[ACTION ITEM]:
Drop the pictures; give again exactly the lines from the one holding "Disc 1 - Astronomy" through the end of the data.

[MATERIAL PROVIDED]:
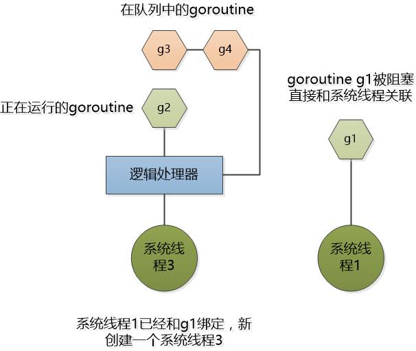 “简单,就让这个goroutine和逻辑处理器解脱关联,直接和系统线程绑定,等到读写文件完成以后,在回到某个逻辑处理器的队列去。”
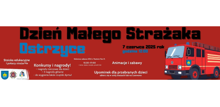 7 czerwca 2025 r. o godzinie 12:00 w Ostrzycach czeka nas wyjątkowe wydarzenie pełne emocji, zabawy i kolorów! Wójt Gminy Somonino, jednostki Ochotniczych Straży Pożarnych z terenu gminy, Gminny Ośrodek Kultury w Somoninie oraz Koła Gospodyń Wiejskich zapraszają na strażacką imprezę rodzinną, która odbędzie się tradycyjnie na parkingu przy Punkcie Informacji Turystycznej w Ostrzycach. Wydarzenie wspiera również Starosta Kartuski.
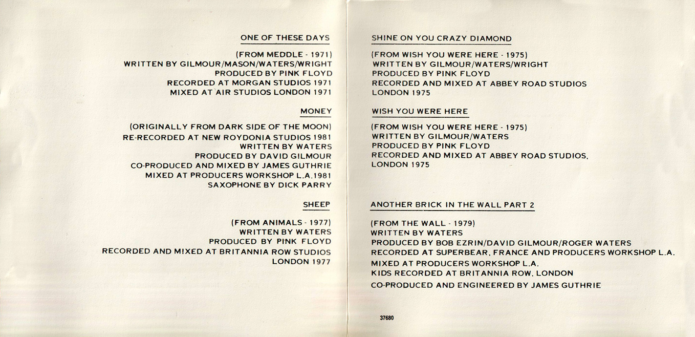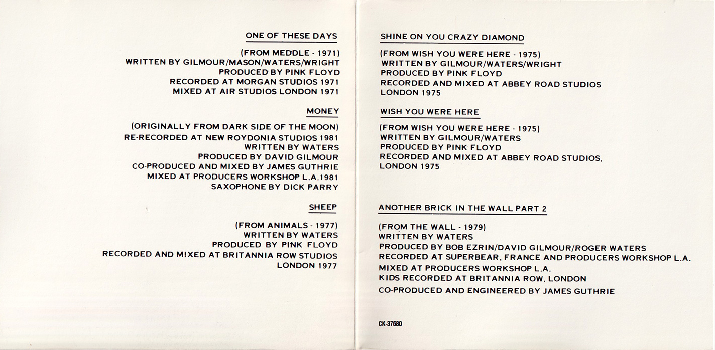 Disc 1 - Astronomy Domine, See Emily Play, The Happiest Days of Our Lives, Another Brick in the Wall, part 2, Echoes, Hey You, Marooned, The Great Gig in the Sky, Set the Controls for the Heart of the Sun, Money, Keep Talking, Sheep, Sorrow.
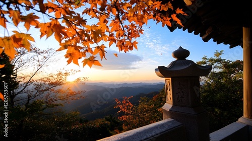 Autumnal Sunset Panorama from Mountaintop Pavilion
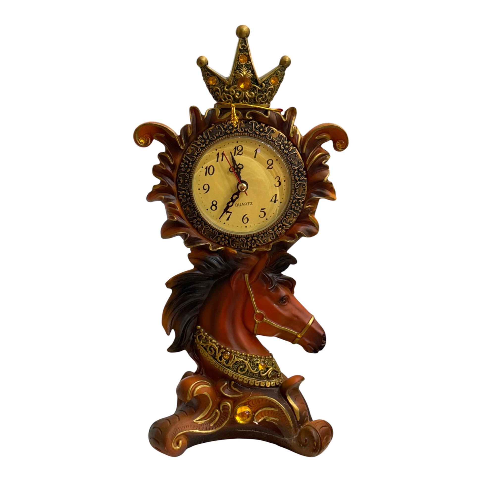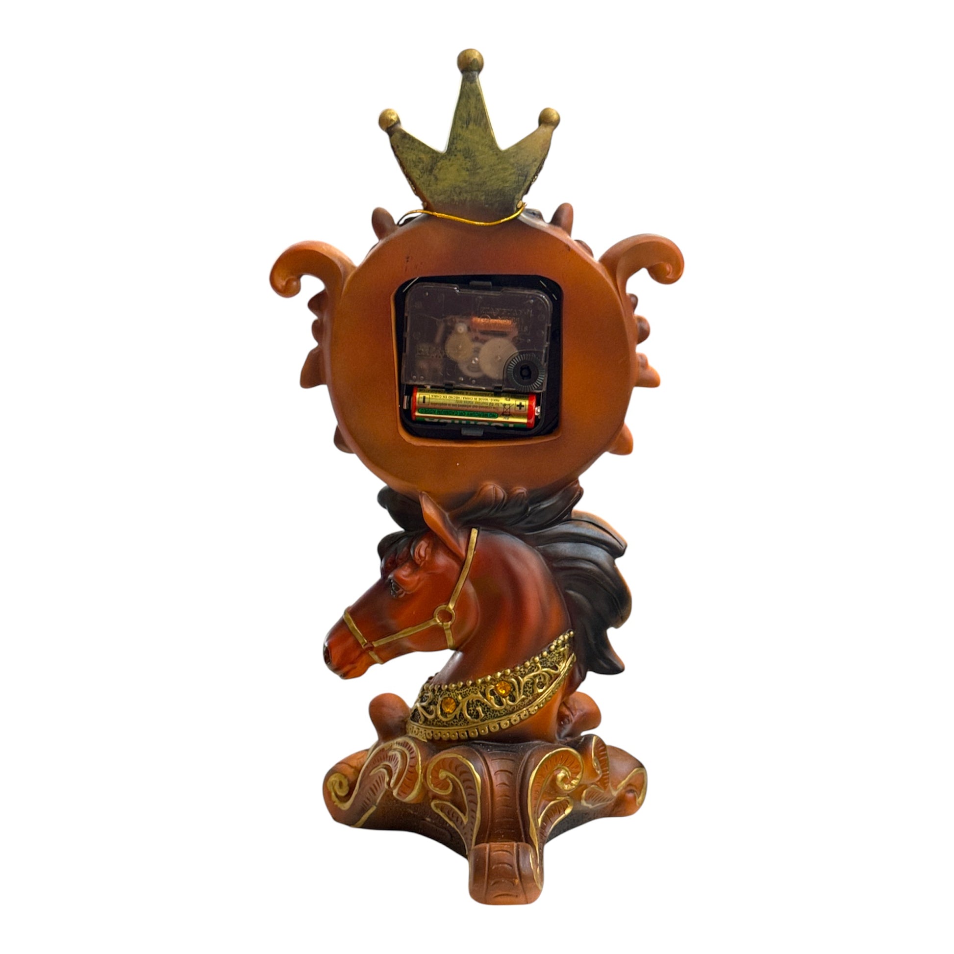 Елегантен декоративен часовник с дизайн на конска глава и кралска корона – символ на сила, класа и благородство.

[TASK RESPONSE]:
 Disc 1 - Astronomy Domine, See Emily Play, The Happiest Days of Our Lives, Another Brick in the Wall, part 2, Echoes, Hey You, Marooned, The Great Gig in the Sky, Set the Controls for the Heart of the Sun, Money, Keep Talking, Sheep, Sorrow.
 Autumnal Sunset Panorama from Mountaintop Pavilion
 Елегантен декоративен часовник с дизайн на конска глава и кралска корона – символ на сила, класа и благородство.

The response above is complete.